■ **Information provided**

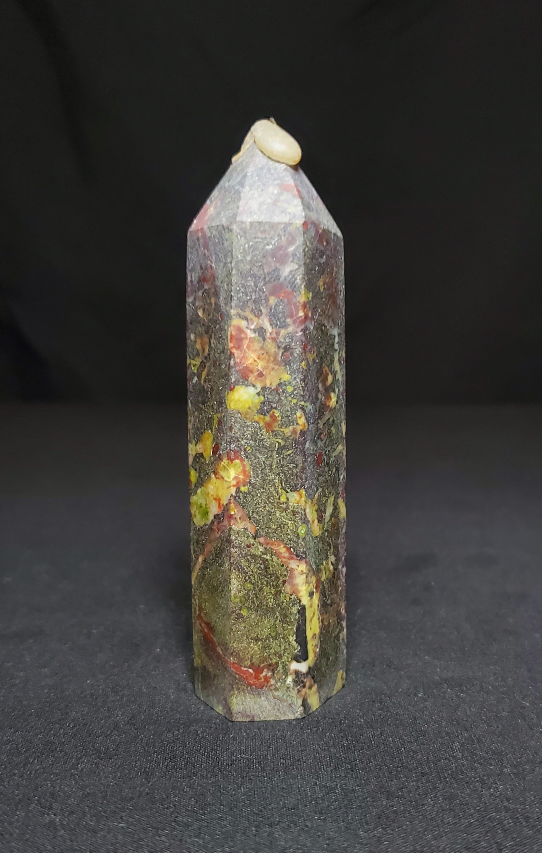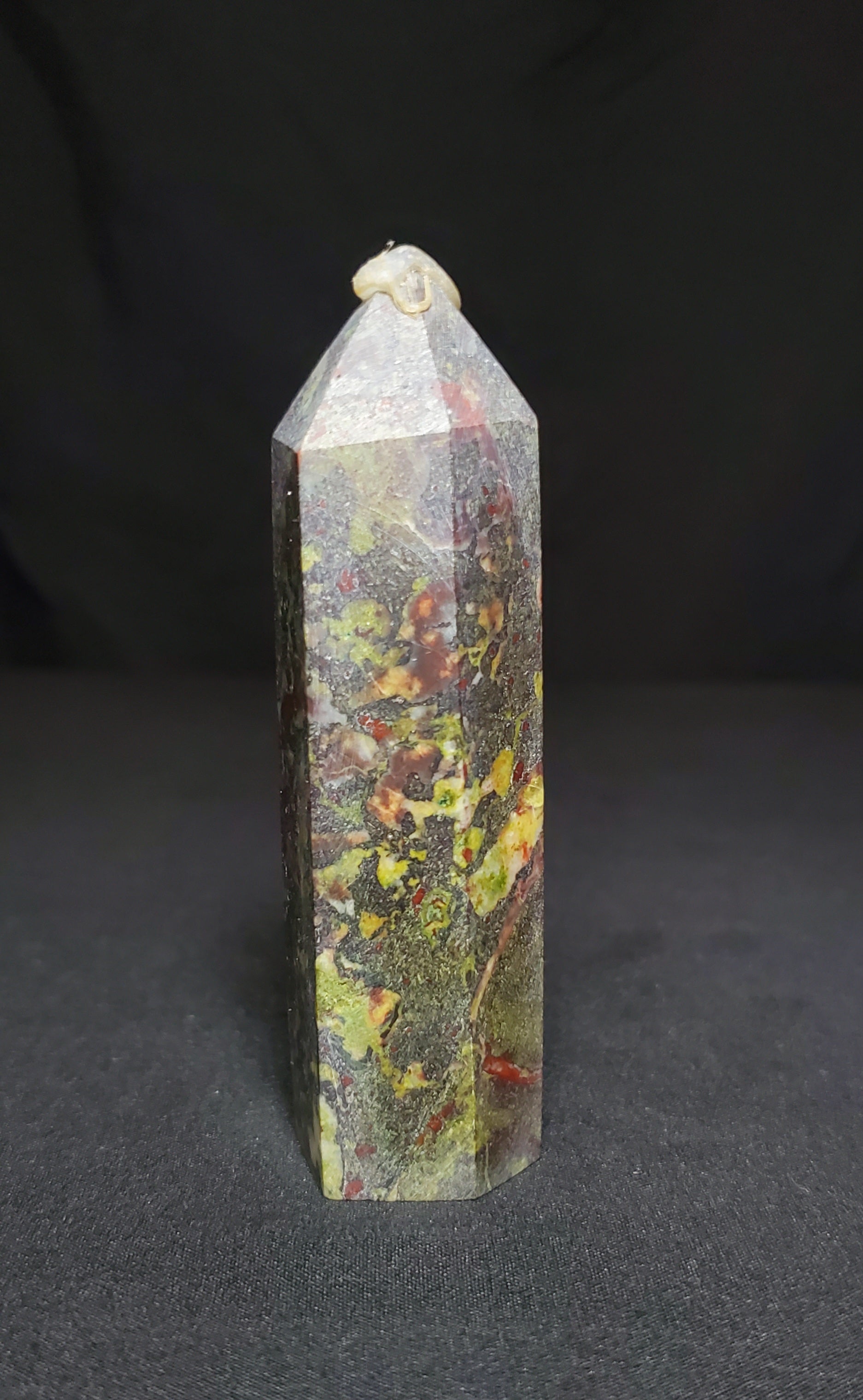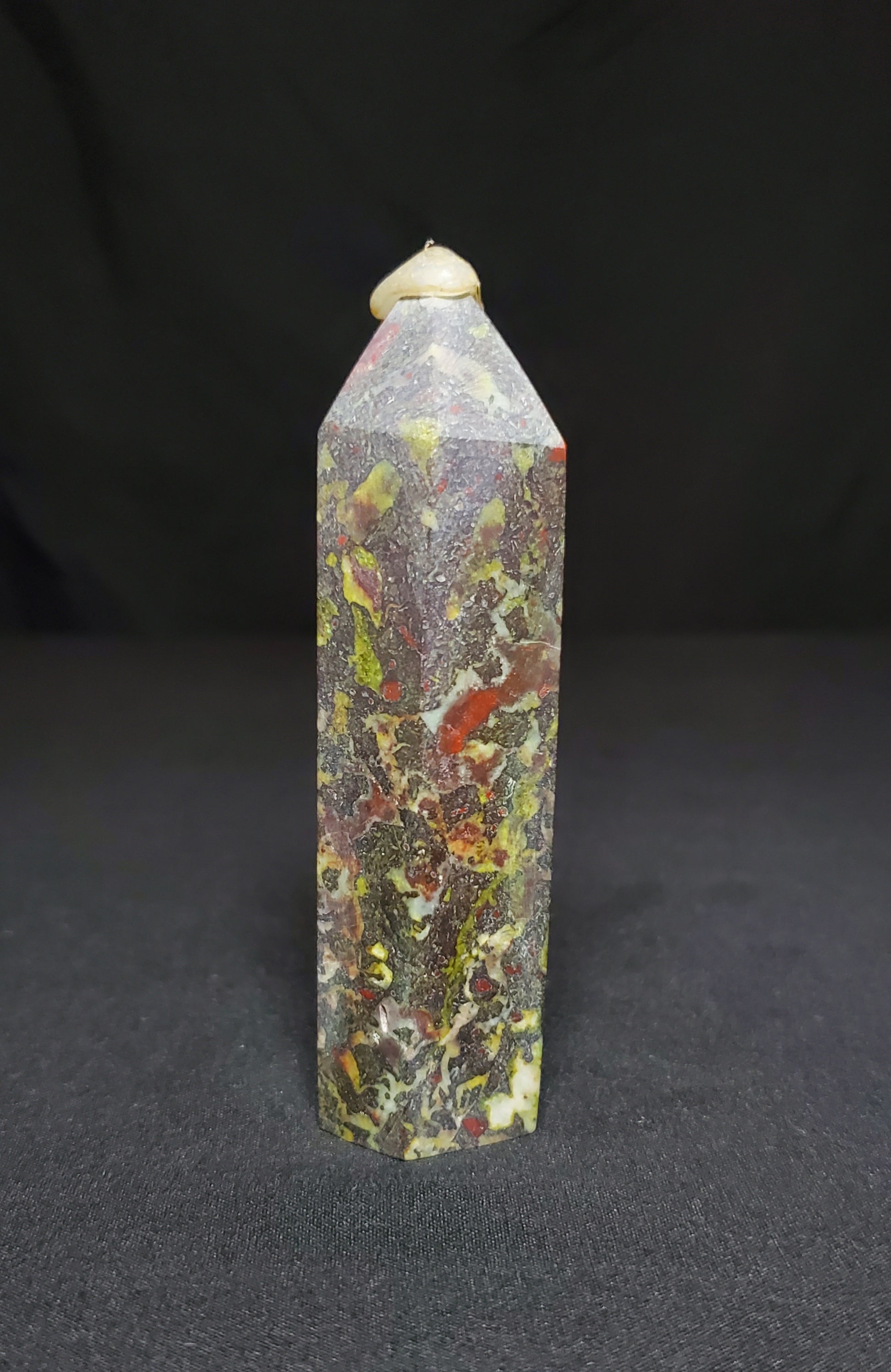 Dragon Bloodstone is said to be a “stone of courage.” It is actually a variety of quartz that displays flecks and veins of red within an opaque green background - It is mined in South Africa. Legend says the stone is the remains of deceased ancient dragons; the green being the skin and the red the blood.
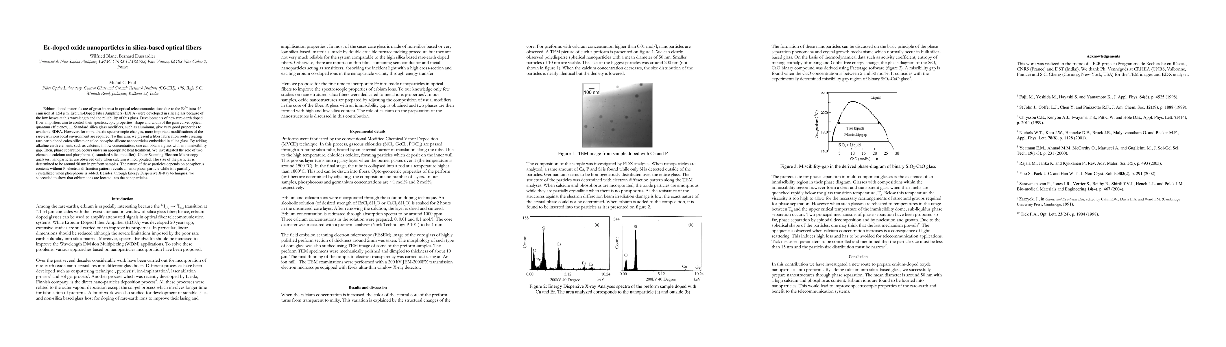 Erbium doped materials are of great interest in optical telecommunications due to the Er3+ intra-4f emission at 1.54 ?m. Erbium doped fibre amplifiers (EDFA) were developed in silica glass because of the low losses at this wavelength and the reliability of this glass. Developments of new rare earth doped fibre amplifiers aim to control their spectroscopic properties including shape and width of the gain curve and optical quantum efficiency. Standard silica glass modifiers, such as aluminium, result in very good properties in current EDFA. However, for more drastic spectroscopic changes, more important modifications of the rare earth ions local environment are required. To address this aim, we present a fibre fabrication route creating rare earth doped calcia?silica or calcia?phosphosilica nanoparticles embedded in silica glass. By adding alkaline earth elements such as calcium, in low concentration, one can obtain a glass with an immisci- bility gap so that phase separation occurs with an appropriate heat treatment. We investigated the role of two elements: calcium and phosphorus (a standard silica modifier). Scanning electron microscopy shows that nanoparticles are only observed when calcium is incorporated. The size of the particles is determined to be around 50 nm in preform samples. The nature of these particles depends on phosphorus content: without P, electron diffraction shows that the particles are amorphous whilst they are partially crystalline when phosphorus is added. In addition through use of energy dispersive x-ray techniques, we have shown that erbium ions are located in the nanoparticles.
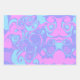 These wrapping paper sheets have an abstract swirl pattern with different colors. One sheet had a white blue color theme, another has a golden yellow color theme, and the third one has a blue pink purple color theme.

■ **Required action**
Output the listing exactly. Leave out any image.

■ **The answer**
 Dragon Bloodstone is said to be a “stone of courage.” It is actually a variety of quartz that displays flecks and veins of red within an opaque green background - It is mined in South Africa. Legend says the stone is the remains of deceased ancient dragons; the green being the skin and the red the blood.
 Erbium doped materials are of great interest in optical telecommunications due to the Er3+ intra-4f emission at 1.54 ?m. Erbium doped fibre amplifiers (EDFA) were developed in silica glass because of the low losses at this wavelength and the reliability of this glass. Developments of new rare earth doped fibre amplifiers aim to control their spectroscopic properties including shape and width of the gain curve and optical quantum efficiency. Standard silica glass modifiers, such as aluminium, result in very good properties in current EDFA. However, for more drastic spectroscopic changes, more important modifications of the rare earth ions local environment are required. To address this aim, we present a fibre fabrication route creating rare earth doped calcia?silica or calcia?phosphosilica nanoparticles embedded in silica glass. By adding alkaline earth elements such as calcium, in low concentration, one can obtain a glass with an immisci- bility gap so that phase separation occurs with an appropriate heat treatment. We investigated the role of two elements: calcium and phosphorus (a standard silica modifier). Scanning electron microscopy shows that nanoparticles are only observed when calcium is incorporated. The size of the particles is determined to be around 50 nm in preform samples. The nature of these particles depends on phosphorus content: without P, electron diffraction shows that the particles are amorphous whilst they are partially crystalline when phosphorus is added. In addition through use of energy dispersive x-ray techniques, we have shown that erbium ions are located in the nanoparticles.
 These wrapping paper sheets have an abstract swirl pattern with different colors. One sheet had a white blue color theme, another has a golden yellow color theme, and the third one has a blue pink purple color theme.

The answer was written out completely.